I called my parents. I got my girlfriend from the train station, which was filled with panicked people who had gone to work on a Tuesday and then returned home abruptly, but not because it was so nice out. Nobody could function because real and imagined planes were crashing all over.
The idea of any large crowd being allowed to exist peacefully seemed impossible. Would I see the inside of airplane in this lifetime? Had I attended my last stadium event? What would walking on a crowded street be like — and could streets ever be crowded again?
Safety felt so distant. A hijacked plane or a toppled skyscraper could land on everyone at any moment. This was surreal, and it was also nothing I ever wanted to experience again.

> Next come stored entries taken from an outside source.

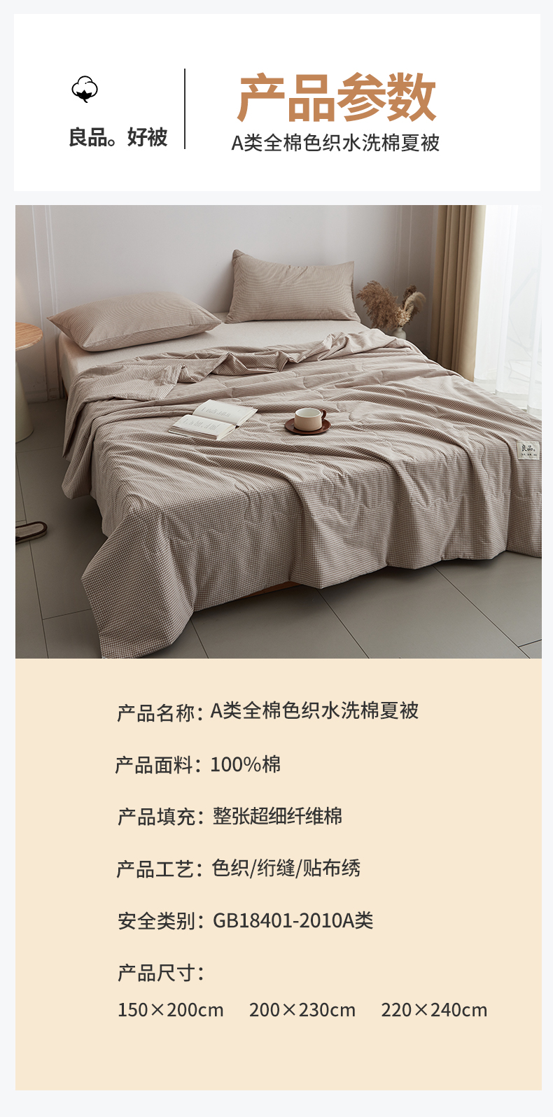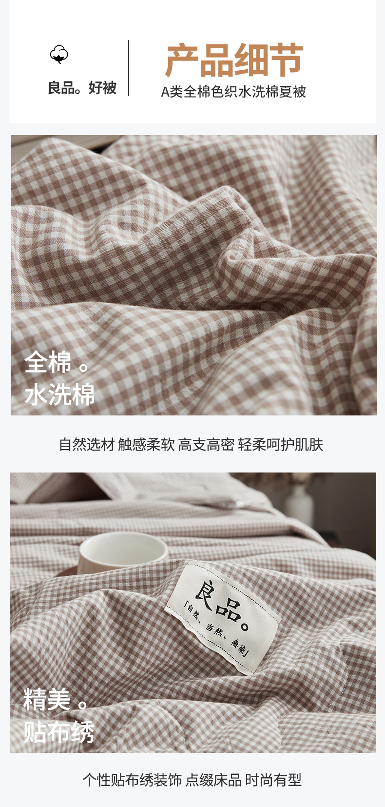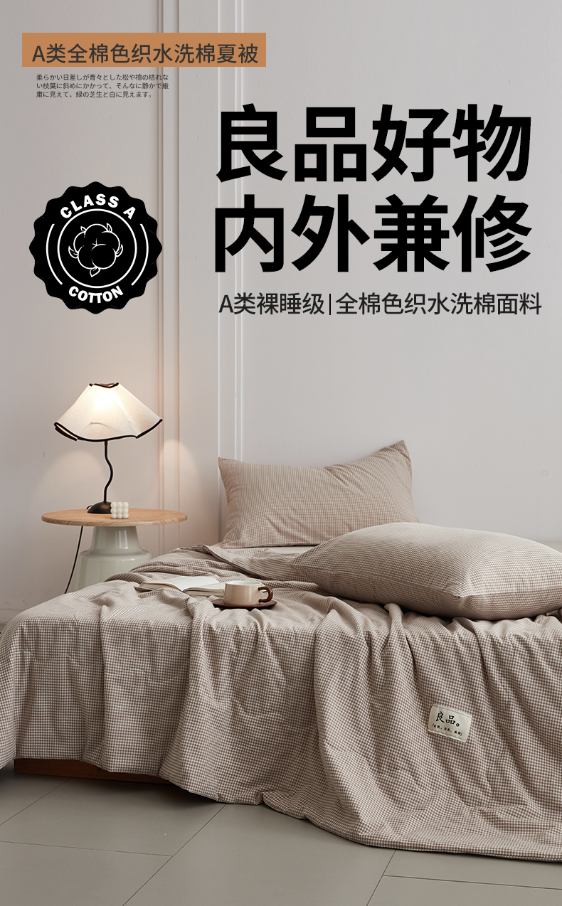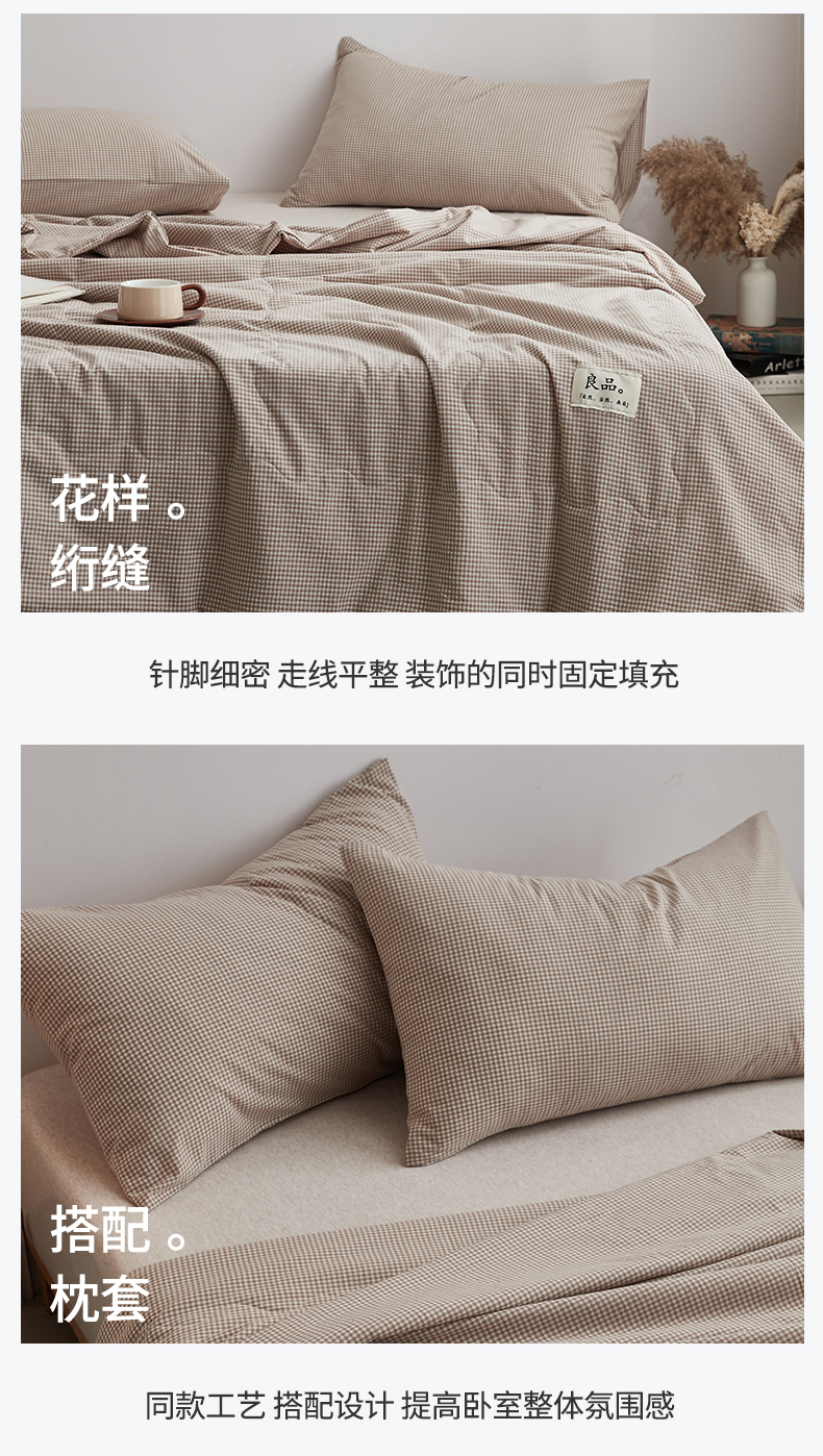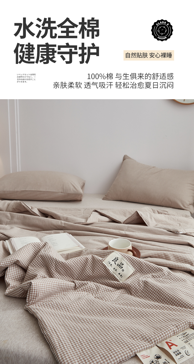 (总)尊妙被业 2026全棉色织水洗全棉棉花夏被 被子被芯 夏被四件套(格子款),贝拉咖,爱格,爱格兰,爱格绿,潮格白,粉小格,咖小格,蓝小格,绿小格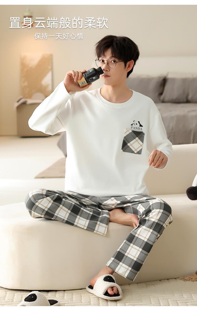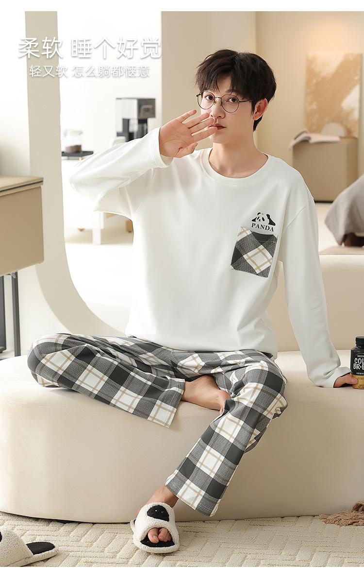 Pijamas de algodón para hombre, primavera y otoño, manga larga, cómodos, informales, para jóvenes, tallas grandes, para uso exterior, jersey, ropa de casa, traje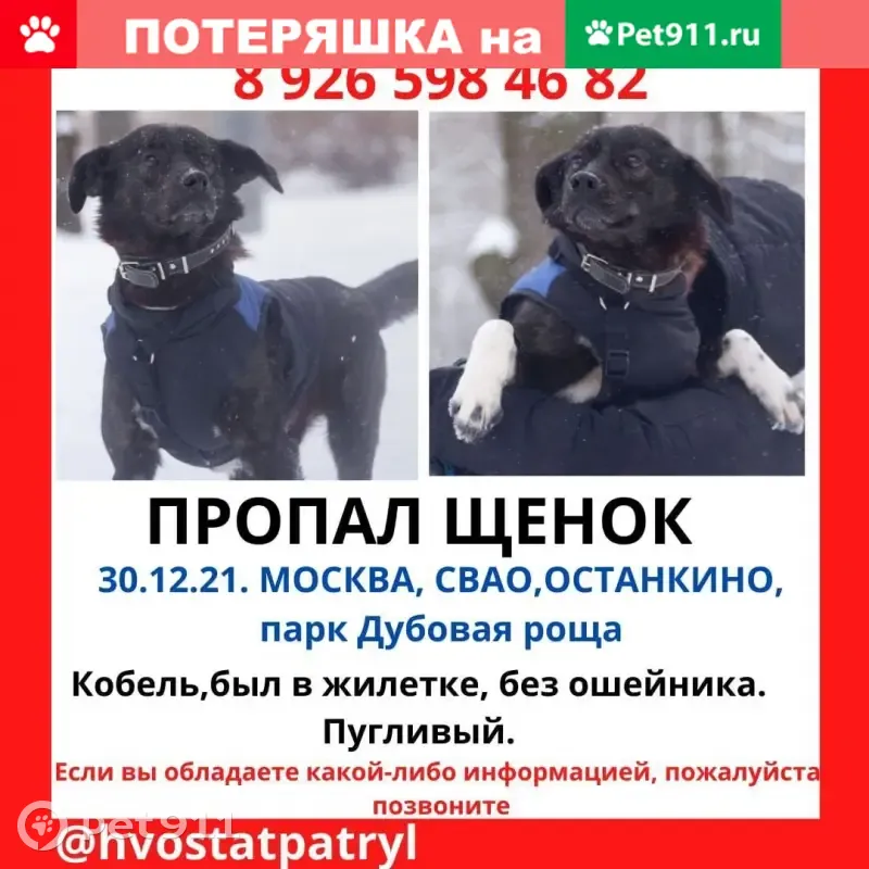 Пропал щенок, был в жилетке, пугливый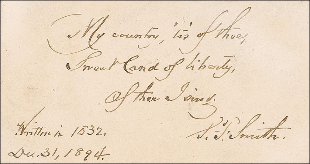 The words that eventually became a tradition, particularly among US school children, were written by Smith while he was studying at Andover Theological Seminary in 1832. More than 60 years later, the autograph requests kept coming! Despite the public’s enduring admiration, not everyone was as enamored. When Oliver Wendell Holmes Sr recommended Smith as a potential candidate for an honorary doctorate from Harvard University in 1893, the university president declined, noting that My Country 'Tis of Thee was better known for its melody, which Smith did not write, than its lyrics. Holmes predicted that the song, and its lyrics would be sung for centuries. To that end, he was absolutely correct, with examples of Smith’s handwritten and signed creation are still very much in demand.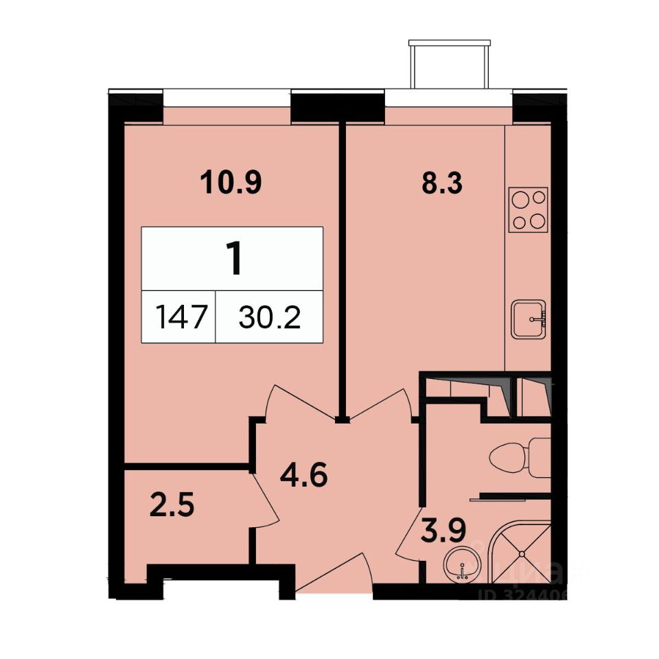 Просторная 1-комнатная квартира 30 м2 в современном апарт-комплексе "Легендарный квартал".

And yet the prevailing historical document of 9/11 are the televised reruns.
That footage is offensive. It’s rubbernecking porn. It’s a vacant snuff film. Being subjected to the Space Shuttle Challenger exploding live in my junior high classroom was a lot different than watching its reruns over the following decades already knowing what happened, why it happened and how it happened. They teach this business school. It’s a lesson now.
What’s disturbing is I’ve seen the 9/11 footage I first watched live that morning new fewer than twentysomething times, usually around this time of year for remembrance, and I still struggle with the reasoning. We don’t teach anything about it, nor have we learned a thing from what led to that day.
There’s still no lesson from 9/11. And it’s been twentysomething years.
I know what brought the Challenger down, conclusively. And I’ve read plenty about how this brand of Islamic terrorism operates — I also understand the role America plays in making itself a target. But flying people on commercial jets into skyscrapers doesn’t compute. As David Letterman said in his first show after 9/11, this will never make any goddamn sense to me.
My final lucid memory of that morning was watching the second tower that got hit collapse first. Manhattan was left with a single twin tower for only about 90 minutes. It’s easy to forget how jarring that sight was, even in the context of how jarring that morning had been.
For 90 minutes there was some fleeting hope that some of the people in that tower had escaped. That one had gotten hit first, and yet it was still upright. Maybe it was a small plane, after all? Perhaps Manhattan would repair the North Tower and rebuild a new South Tower beside it.
But then the North Tower came down too. The sun was still shining.